"Thought Virus" Protection for Writers

Publish date:

Jane kindly invited me to guest blog here on There Are No Rules while she's enjoying some R&R this week, and I happily agreed. You may recall that the last time I posted as a guest here, my stay was unexpectedly extended when Jane became stranded in Thailand -- so let's hope for her sake that she returns as scheduled on Monday!

What better way to kick off a week of guest blogging than to give a shout out to another guest blogger? After all, we fill-in writers have to stick together. I always enjoy a good dose of Zen Habits, and today's post from Steven Aitchison really struck a chord with me--especially because I'm in the planning stages of the February issue of WD, which will focus on creativity.

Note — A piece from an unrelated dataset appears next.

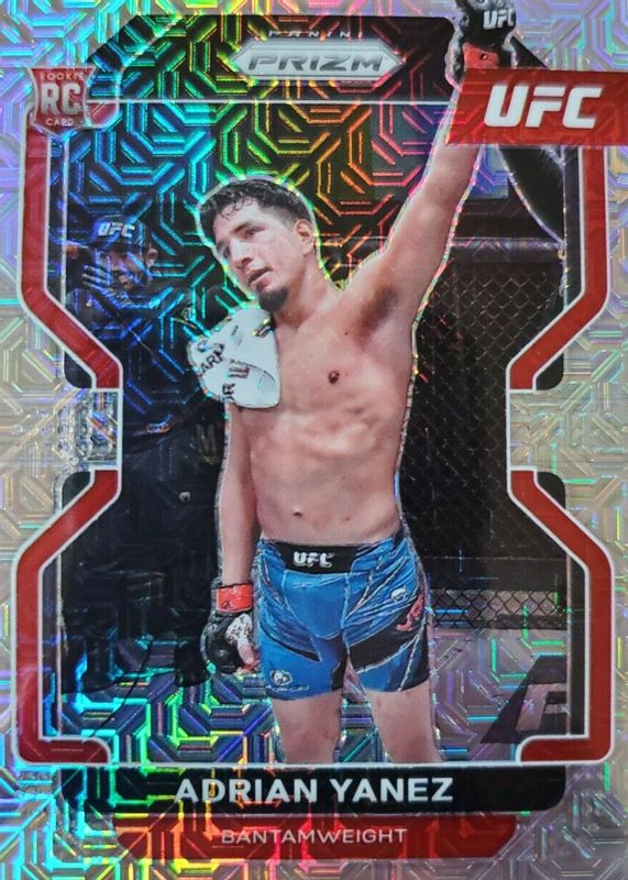 Adrian Yanez's MMA cards are available in at least 7 sets. Adrian Yanez's biggest 7-day price movers are 2022 Prizm UFC #107 Mojo /25, 2022 Prizm UFC #107 Orange /99, and 2022 Prizm UFC #107 White Sparkle /(SSP).

If you haven't already seen it, check out "Virus Protection for the Mind" here. Go ahead. I'll wait.

This post immediately got me thinking about how these "thought viruses" can infect the writing life. How often do you get excited about a new idea, only to have doubt creep in the minute you face the blank page? Writers always talk about the struggle of trying to silence our inner critics, our inner editors. Back when I was working as an editor of books both by and for visual artists, they'd often discuss similar challenges. One of my artist/authors called this her inner gremlin, and would draw him in an attempt to put him out of her head.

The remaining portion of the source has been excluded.